→ Task brief
All lines in the records below from the line with "the spudger tool." through the line with "A PL diz enviado" are to be given again exactly, both ends included; the pictures are to be left out.

++++

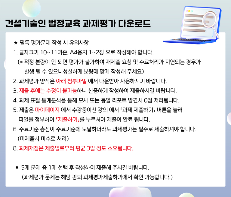 [양식] 건설기술인 법정교육 과제평가 다운로드
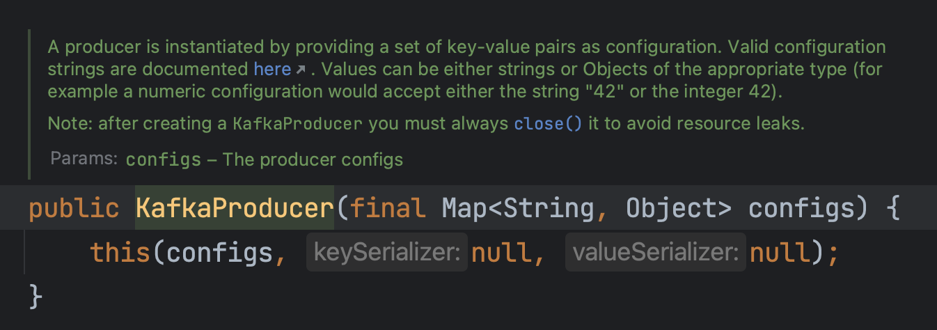 ν΄λΉ configuration μ μμΈν μ¬νκ³Ό νΉμ μ€μ λ€μ confluent.io/kafka config μμ νμΈν μ μλ€
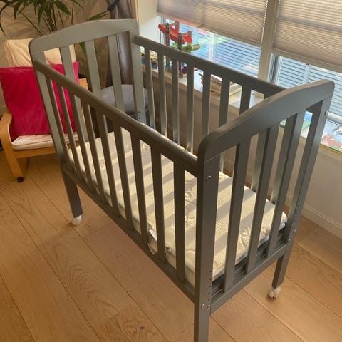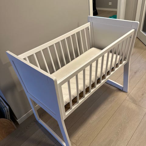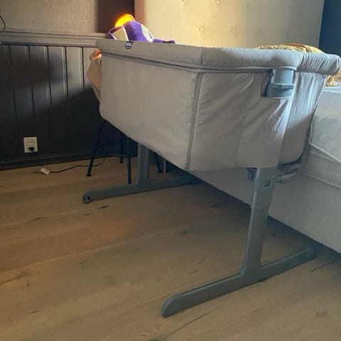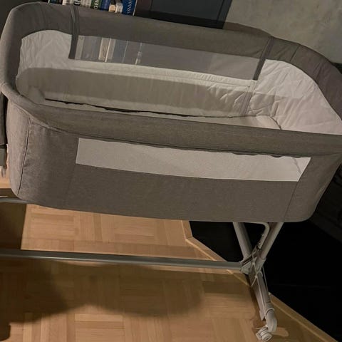 Gir bort en eldre Chicco bedside crib. Den er brukt og har litt flekker men det er mye bruk igjen. Den står i trekket sitt.
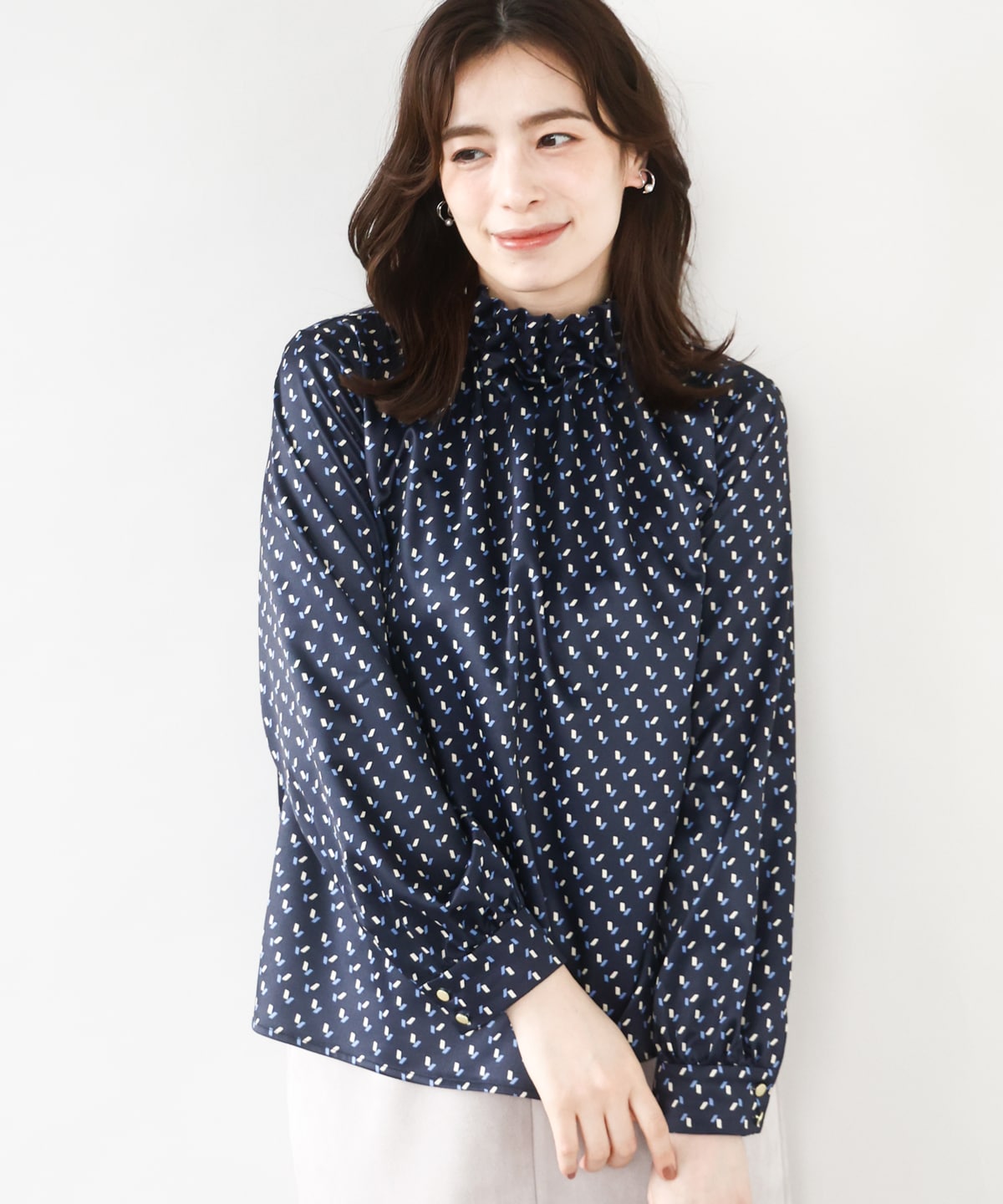 洗練された幾何柄スタンドネックブラウスは、首周りがすっきりと立ち上がるデザインで、エレガントさを演出します。
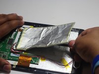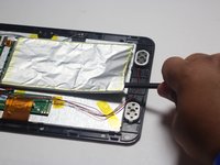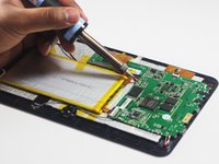 • Tear through the adhesive holding the battery by using the spudger tool.
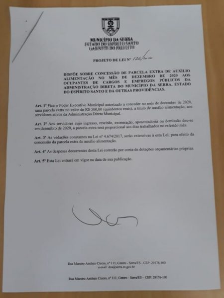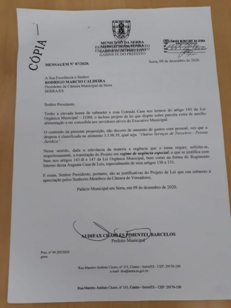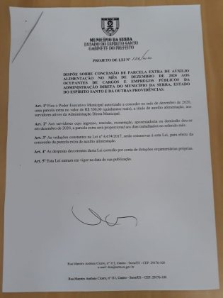 A PL diz enviado pelo prefeito Audifax diz que “fica o Poder Executivo autorizado a conceder no mês de dezembro de 2020, uma parcela extra no valor de R$ 500, a título de auxílio alimentação, aos servidores ativos da Administração Direta Municipal”.
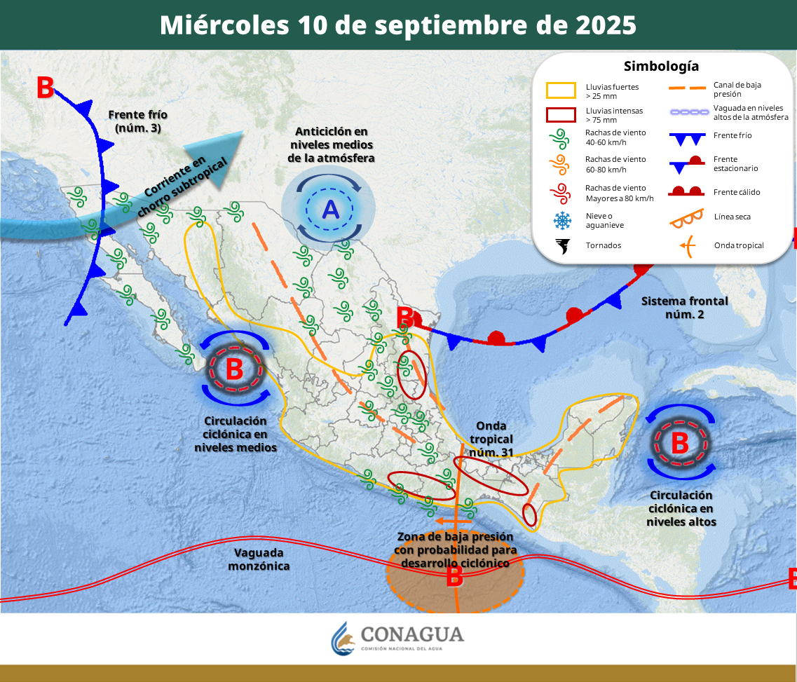 Pronóstico a 48 horas de Sistemas Meteorológicos. Período de validez de las 08:00 horas del miércoles 10 a las 08:00 horas del jueves 11 de septiembre de 2025
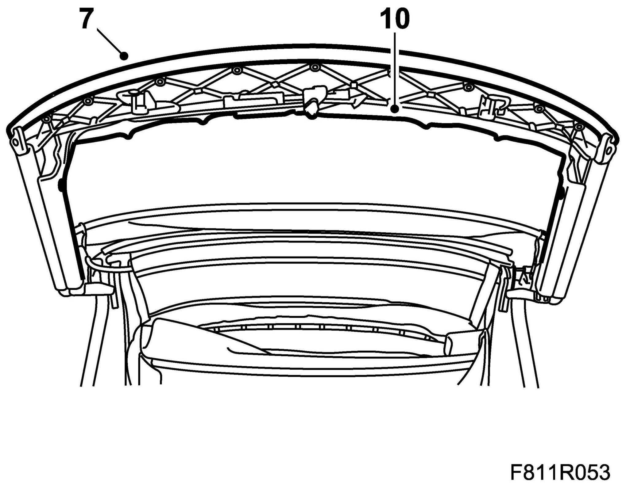 Do not press the clips fully onto the frames before the headlining has been fitted on the inner frame.
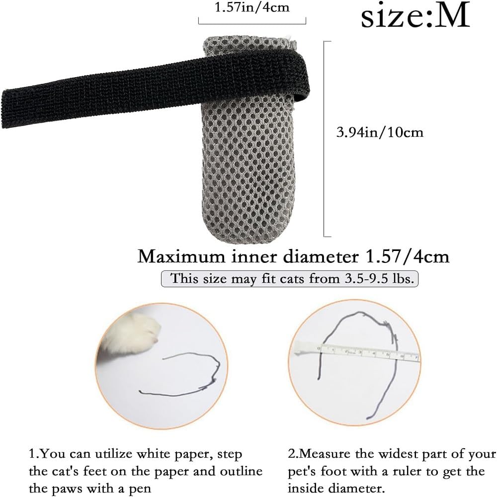 - Effortless Adjustable Application – Hook-and-loop straps customize fit for paws up to 1.57" diameter (3.94" length × 1.57" width). Quick to install/remove without discomfort—ideal for kittens to adult cats (3.5–9.5 lbs) .

++++

→ Result of the exercise
 • Tear through the adhesive holding the battery by using the spudger tool.
 A PL diz enviado pelo prefeito Audifax diz que “fica o Poder Executivo autorizado a conceder no mês de dezembro de 2020, uma parcela extra no valor de R$ 500, a título de auxílio alimentação, aos servidores ativos da Administração Direta Municipal”.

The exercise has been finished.